(Data to process)
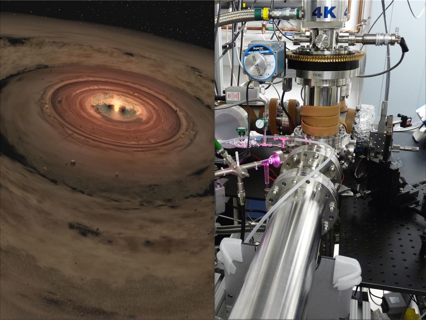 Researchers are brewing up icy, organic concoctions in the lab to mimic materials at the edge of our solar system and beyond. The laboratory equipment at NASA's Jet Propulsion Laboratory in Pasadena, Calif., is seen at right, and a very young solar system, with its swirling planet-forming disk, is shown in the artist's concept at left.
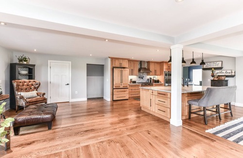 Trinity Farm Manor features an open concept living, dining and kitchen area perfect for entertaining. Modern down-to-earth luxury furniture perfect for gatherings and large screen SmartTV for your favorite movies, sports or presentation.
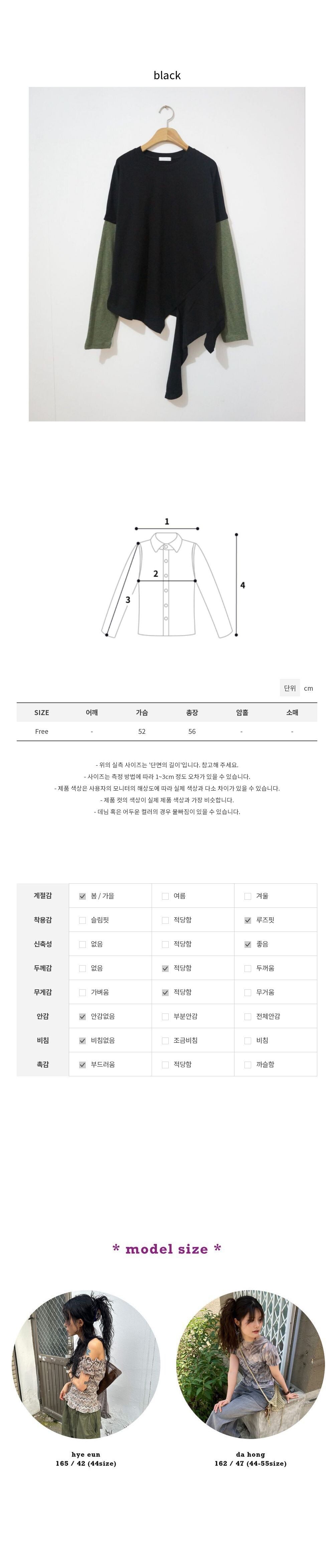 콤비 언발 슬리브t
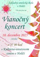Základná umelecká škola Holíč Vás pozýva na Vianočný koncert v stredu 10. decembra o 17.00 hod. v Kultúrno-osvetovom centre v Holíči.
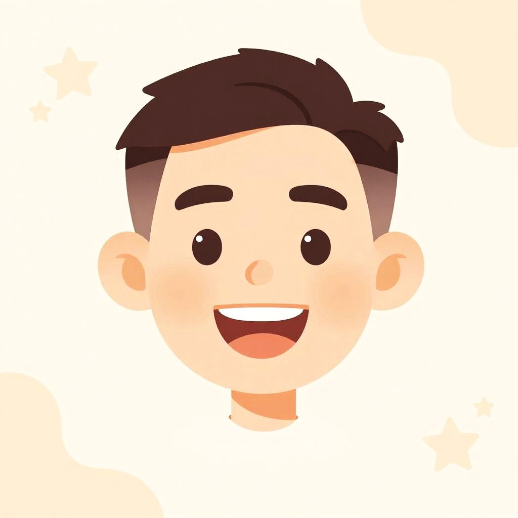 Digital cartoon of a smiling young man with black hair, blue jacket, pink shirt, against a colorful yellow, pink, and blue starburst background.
---
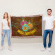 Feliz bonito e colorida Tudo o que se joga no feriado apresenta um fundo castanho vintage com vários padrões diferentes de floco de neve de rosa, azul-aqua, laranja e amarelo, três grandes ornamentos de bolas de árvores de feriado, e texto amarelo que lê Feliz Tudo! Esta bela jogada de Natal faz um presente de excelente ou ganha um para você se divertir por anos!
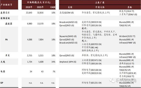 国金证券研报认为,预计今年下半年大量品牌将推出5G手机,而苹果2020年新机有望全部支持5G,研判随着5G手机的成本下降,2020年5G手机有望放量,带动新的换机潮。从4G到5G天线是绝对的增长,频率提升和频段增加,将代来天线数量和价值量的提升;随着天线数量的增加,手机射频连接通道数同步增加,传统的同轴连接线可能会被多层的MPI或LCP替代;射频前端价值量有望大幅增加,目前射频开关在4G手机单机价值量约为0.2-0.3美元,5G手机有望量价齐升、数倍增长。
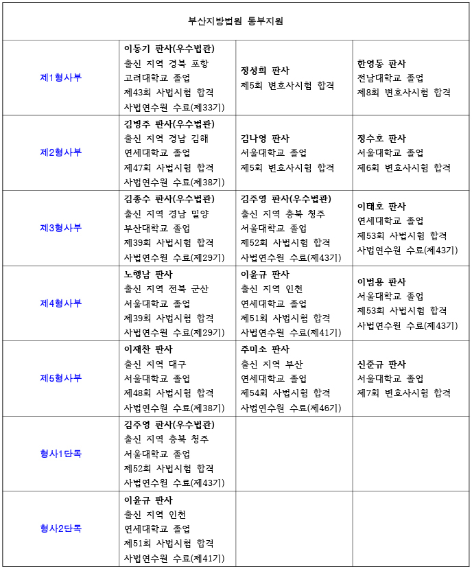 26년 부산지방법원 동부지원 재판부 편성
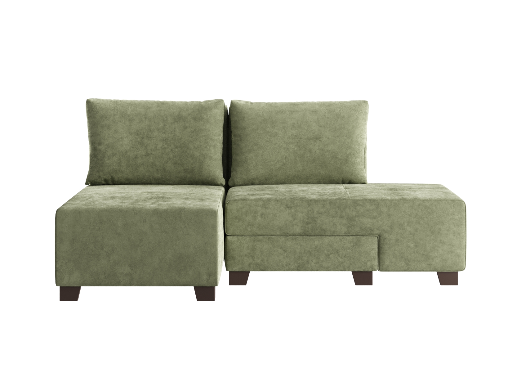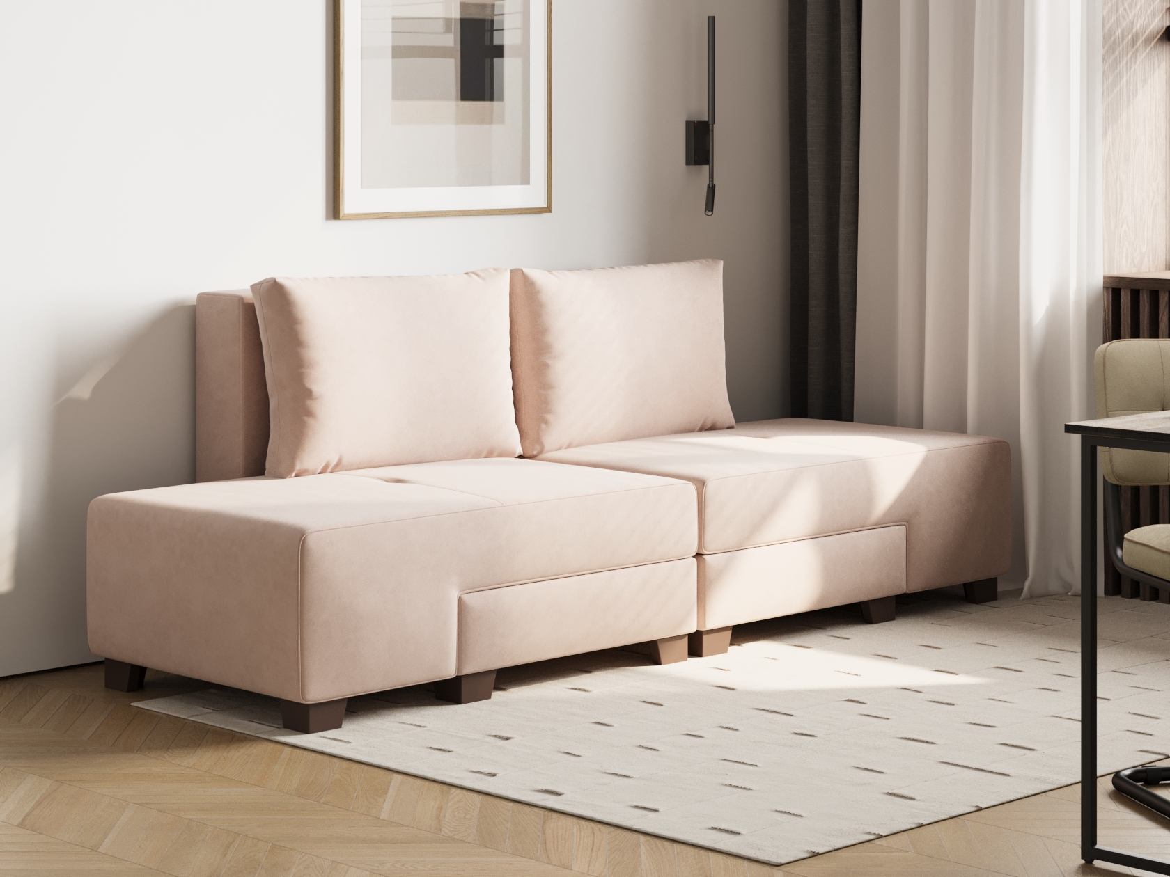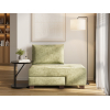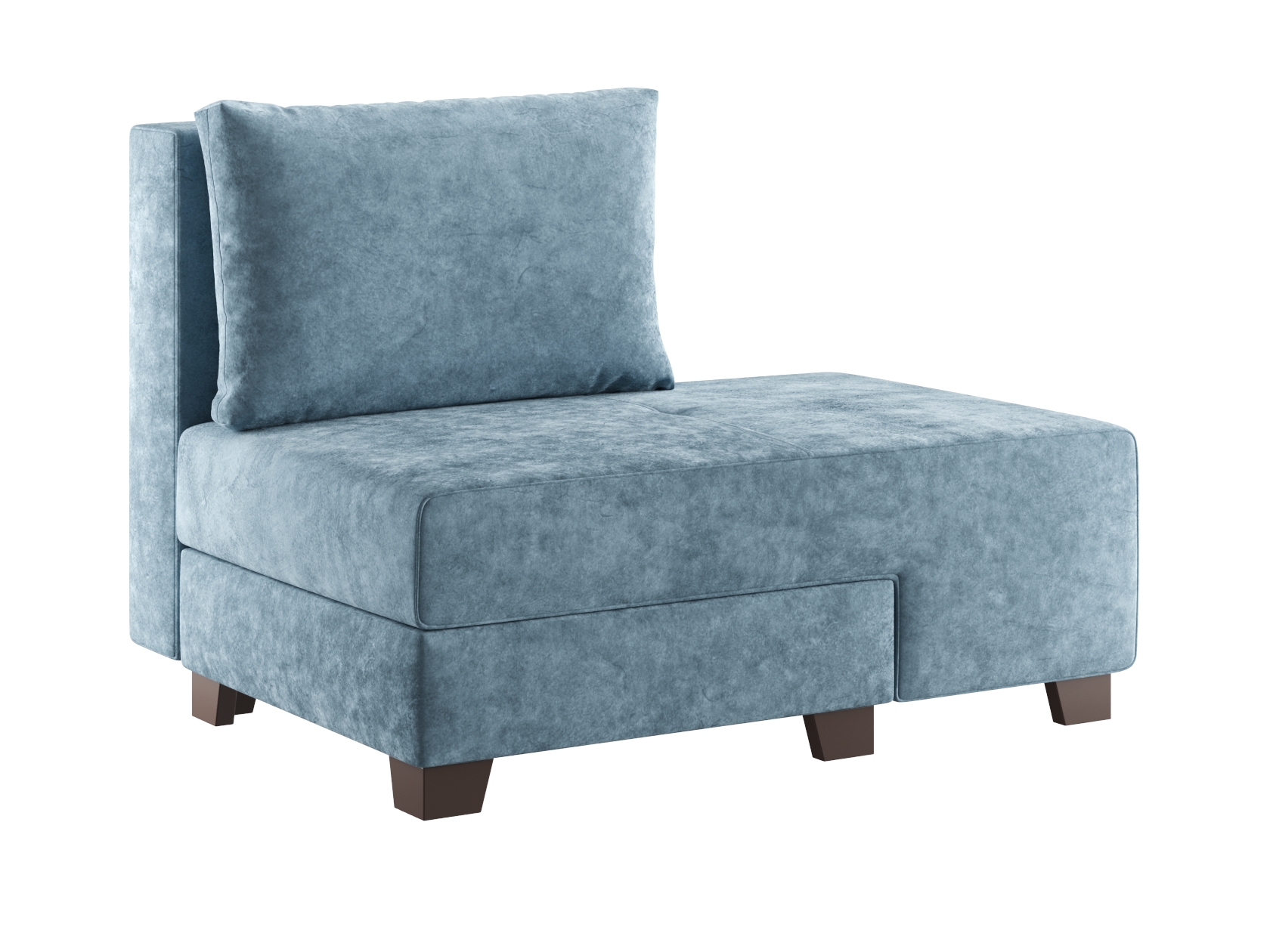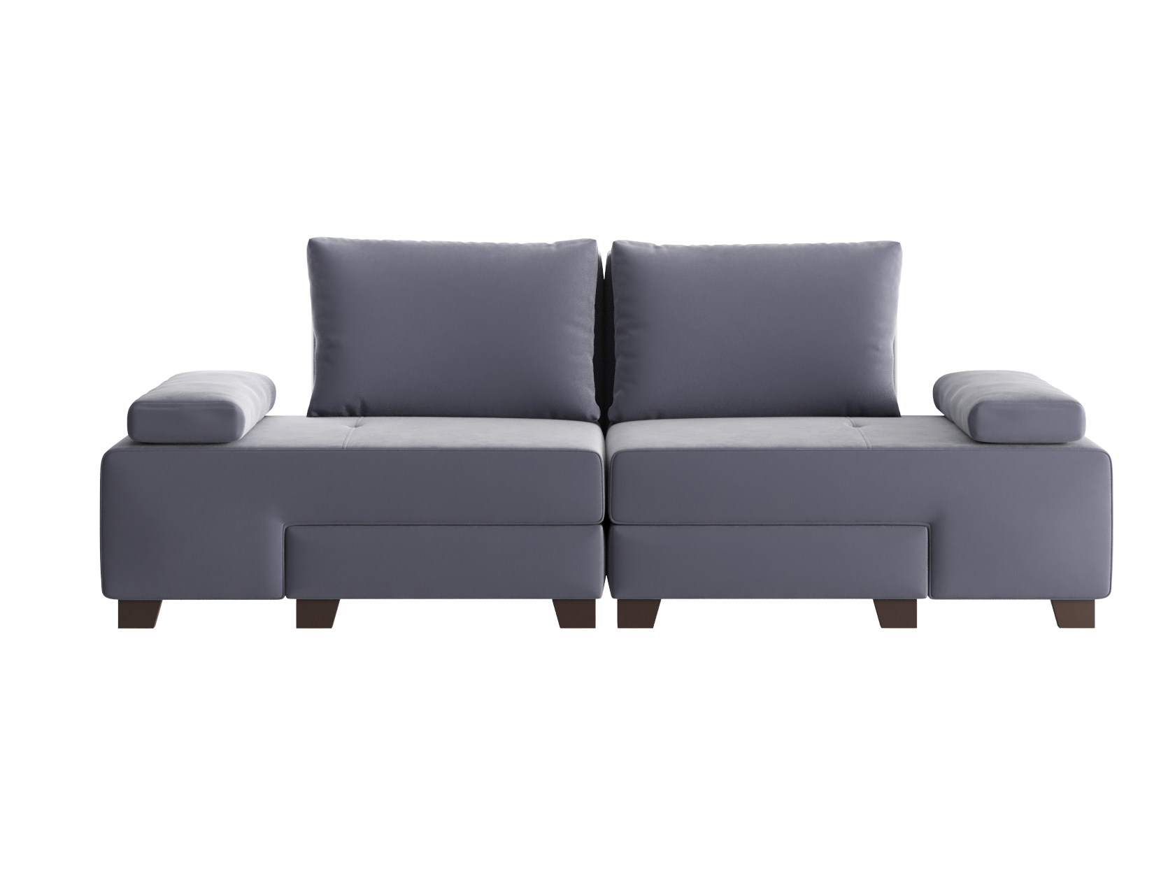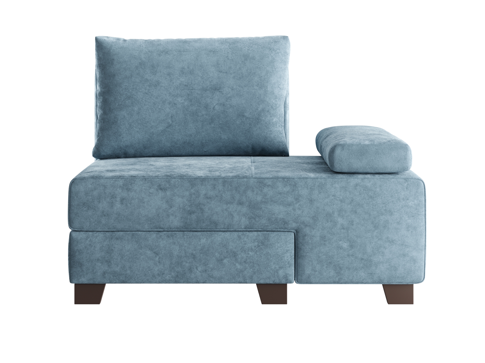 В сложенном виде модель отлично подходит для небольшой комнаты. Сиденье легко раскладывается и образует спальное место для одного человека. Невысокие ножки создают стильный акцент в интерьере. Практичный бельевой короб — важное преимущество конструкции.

(Requirement)
Exactly reproduce the lines above, starting at the one that contains "Trinity Farm Manor" and ending at the one that contains "Základná umelecká škola", both inclusive; leave the pictures out and add no other lines.

(Solution to this problem)
 Trinity Farm Manor features an open concept living, dining and kitchen area perfect for entertaining. Modern down-to-earth luxury furniture perfect for gatherings and large screen SmartTV for your favorite movies, sports or presentation.
 콤비 언발 슬리브t
Základná umelecká škola Holíč Vás pozýva na Vianočný koncert v stredu 10. decembra o 17.00 hod. v Kultúrno-osvetovom centre v Holíči.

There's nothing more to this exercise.